The images below show a cut through a vtk mesh using pyvista and CutCells.
The corresponding demonstration code is located in python/demo/cut_vtk_mesh
.
To install the CutCells library, first install the C++ library and then build the python interface
In the cpp/
directory:
cmake -DCMAKE_BUILD_TYPE=Release -B build-dir -S .
cmake --build build-dir
cmake --install build-dir
You may need to use sudo
for the final install step. Using the CMake
build type Release
is recommended for performance.
After installing the C++ library, install the Python interface by running in
the directory python/
:
cmake -DCMAKE_BUILD_TYPE=Release -B build-dir -S .
cmake --build build-dir
cmake --install build-dir
and then
python3 -m pip install .
There are demons for both the C++ and the python interface.
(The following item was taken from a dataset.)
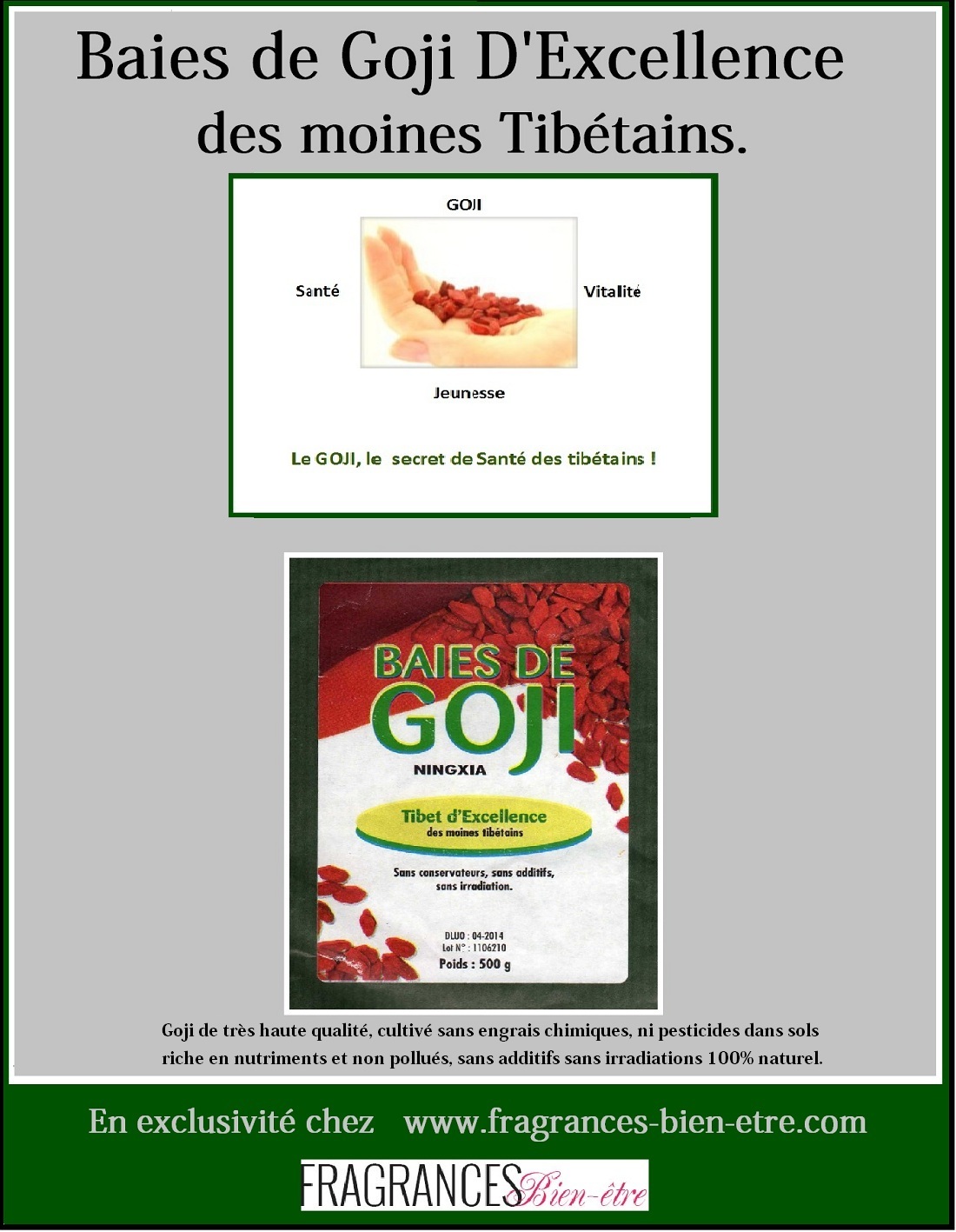Fragrances-bien-etre.com distribue en exclusivité pour la France des baies de goji d’excellence, cueillies à la main par des moines tibétains. Les baies de Goji sont l’antioxydant le plus puissant du monde.
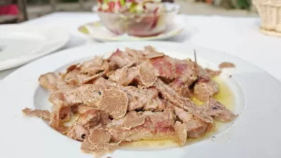 Beli tartufi sicer niso obveza, če jih ne marate, vam fuže zabelijo tudi z golažem, mi pa smo se pri mesu raje ozrli po edini glavni jedi, ramsteku. Natočili so nam kozarec hišnega refoška, liter stane 15 evrov, a po pitnosti ne ujame malvazije, meso pa narezali kot taljato in nanj naribali tartufe, kar je vse skupaj podražilo na konkretnih 40 evrov. Ja, beli tarufi niso šala in naštete jedi, čeprav so jih stregli v polovičnih porcijah, so na koncu stale okoli 80 evrov na osebo.

For the C++ interface the demos are located in cpp/demo
. The C++ demos are built with
cmake -DCMAKE_BUILD_TYPE=Release -B build-dir -S .
cmake --build build-dir
cmake --install build-dir
in the corresponding demo folder, e.g. cpp/demo/cut_triangle
The python demos are located in python/demo
.
CutCells requires a C++20 compiler and depends on the C++ standard template library.
For the python interface, CutCells requires nanobind
.
At runtime for the python examples, CutCells requires numpy
and pyvista
for visualizations.
The library contains python pytest
tests in python/tests
.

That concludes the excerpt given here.